A expansão dos barracos ocorre porque não há política habitacional em vigor. Não se promove a locação social, não se investe o suficiente na construção de novas casas e não se adota o congelamento de favelas. A construção de moradias é lenta, a conta-gotas. Ao mesmo tempo, as ocupações se multiplicam. Segundo dados oficiais, o déficit habitacional em Santos é de 10 mil moradias. No entanto, conforme os movimentos sociais, o número deve ser três vezes maior.

Em uma estimativa realizada anteriormente, se o orçamento da Câmara, de R$ 83 milhões (2016) fosse utilizado para a construção de moradias populares, com valor estimado em R$ 35 mil a unidade, seria possível construir 2,7 mil casas por ano. Em cerca de dez anos o déficit habitacional estaria zerado. Se for considerado o dado oficial de 10 mil casas, o déficit seria zerado em pouco menos de quatro anos. A analogia serve para efeito de dimensionamento da questão. Considere-se ainda que a Câmara não gasta todo o orçamento anual. Este ano, foram devolvidos ao prefeito, mais de R$ 24 milhões. Se tivesse o interesse na questão habitacional, a Câmara vincularia a devolução a projetos habitacionais, mas isso não é feito.

A atuação parlamentar nesta área é como se a cidade não tivesse problemas no campo da habitação. Os vereadores não têm o compromisso de formular projetos no setor, deixando-o quase que totalmente sob o controle da iniciativa privada. Daí decorre o processo de elitização da cidade, tendo dado origem à expressão pejorativa de Dubai do Brejo. À medida que as torres de apartamentos sobem, o custo do metro quadro se multiplica, tornando, para muitos, o sonho da moradia algo cada vez mais distante. No mesmo compasso, os alugueis acabam indexados ao aumento do valor dos imóveis novos, numa flagrante distorção, resultando em expulsão de moradores para outras cidades.

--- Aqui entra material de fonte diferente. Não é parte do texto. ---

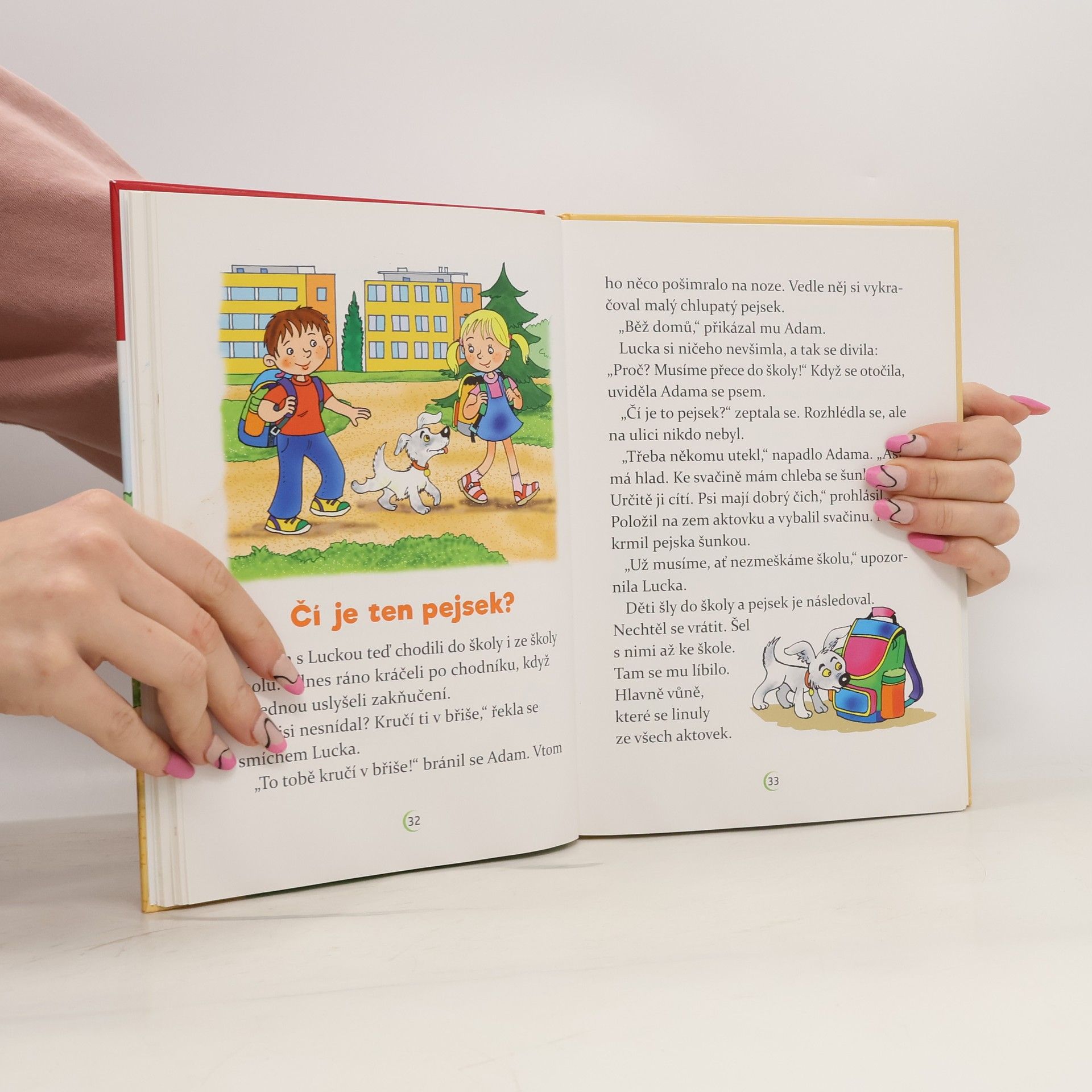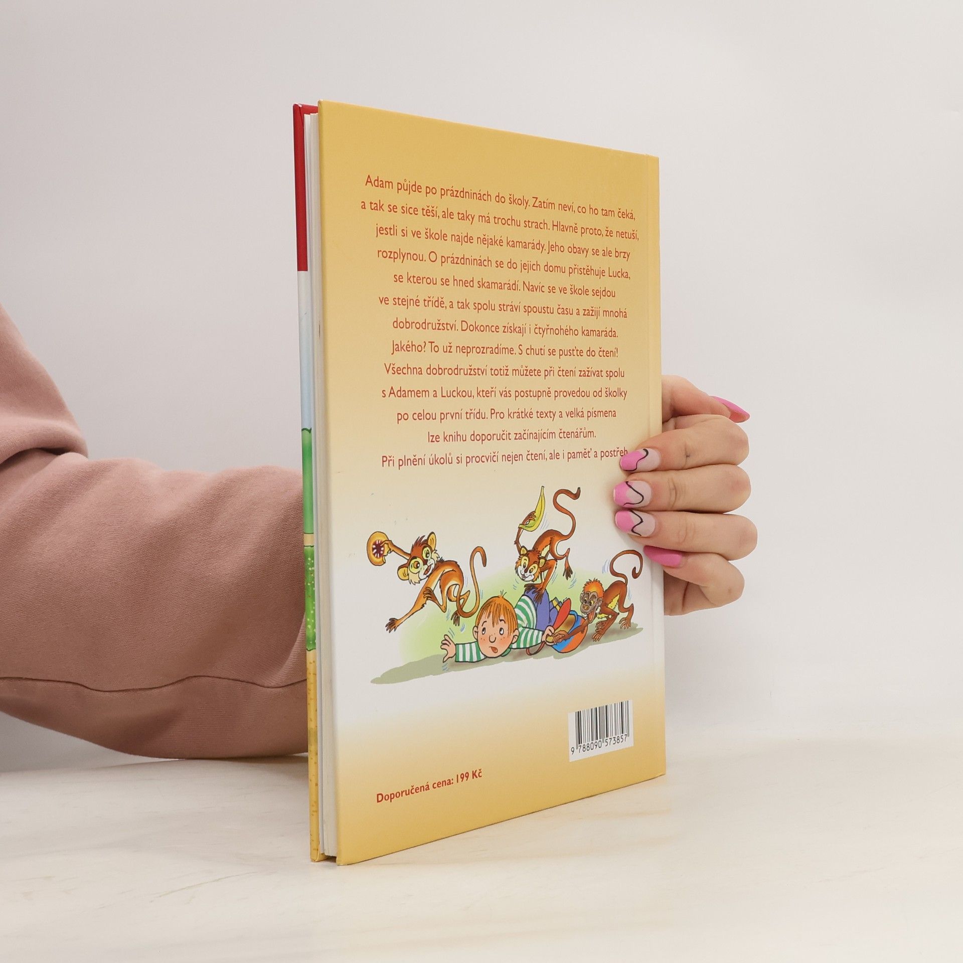 Adam půjde po prázdninách do školy. Zatím neví, co ho tam čeká, a tak se sice těší, ale taky má trochu strach. Hlavně proto, že netuší, jestli si ve škole najde nějaké kamarády. Jeho obavy se ale brzy rozplynou. O prázdninách se do jejich domu přistěhuje Lucka, se kterou se hned skamarádí. Navíc se ve škole sejdou ve stejné třídě, a tak spolu stráví spoustu času a zažijí mnohá dobrodružství. Dokonce získají i čtyřnohého kamaráda. Jakého? To už neprozradíme. S chutí se pusťte do čtení! Všechna dobrodružství totiž můžete při čtení zažívat spolu s Adamem a Luckou, kteří vás postupně provedou od školky po celou první třídu. Pro krátké texty a velká písmena lze knihu doporučit začínajícím čtenářům. Při plnění úkolů si procvičí nejen čtení, ale i paměť a postřeh

A verticalização radical em vigor foi permitida pelas alterações sucessivas nas legislações pertinentes nas últimas duas décadas, a partir do governo Beto Mansur. Todas as alterações feitas passaram pela Câmara, cujas legislaturas deram total aval para o planejamento urbano reinante. Vemos uma cidade com uma coluna de edificações barrando a ventilação natural, esquentando mais a cada ano. Vivemos o estrangulamento de serviços e o risco de colapso e desabastecimento.